# How the function is applied in connection

Hi,

I was looking at the controlled oscillator example: Controlled oscillator — Nengo 3.2.1.dev0 docs

In this example, the feedback connection has a function that computes values across the dimensions of the connections.

I was wondering how the function is actually applied in Nengo.

I read that when the function is used in the connection, the pre object must be an ensemble. If that is the case, is the order that you apply the function as follows?

1. the spiking signals from the neurons of the pre ensemble are first decoded through the connection synapse (0.1 in the example)
2. then the function is applied to the decoded values.
3. The values after the function computation are the output of the connection.

Hi @corricvale, and welcome back to the Nengo forums! That’s not actually how the function works.

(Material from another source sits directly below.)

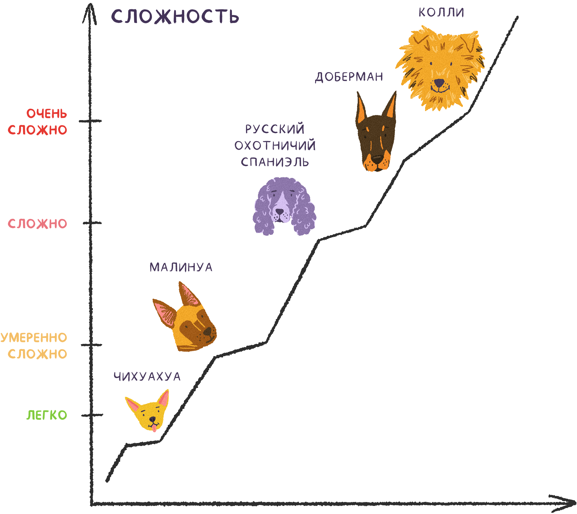 Подумайте, готовы ли вы заниматься дрессировкой. Занятия с кинологом пойдут на пользу любой собаке, а для крупных они обязательны. Если это ваша первая собака и вы не уверены, что сможете уделять её «образованию» достаточно внимания и сил, лучше обращать внимание на породы, которые легче поддаются дрессировке: овчарки, корги, пудель, ретриверы, спаниели.

In this post, I walk through several ensemble & connection properties, and the important line that pertains to your question is this:

To summarize, the process by which Nengo uses to obtain the decoders is as follows:

• For some set of evaluation points, obtain the corresponding neural activity
• For the same set of evaluation points, obtain a set of “output” data determined by the function and transform specified for the connection.
• Solve for decoders that, when applied to the neural response curves, maps the evaluation points to the desired set of output data.

I should note that in Nengo, the decoders are associated with the connection object that is “computing” the function. I.e., you can have multiple decoders per Nengo ensemble (if you have multiple connections originating from that ensemble).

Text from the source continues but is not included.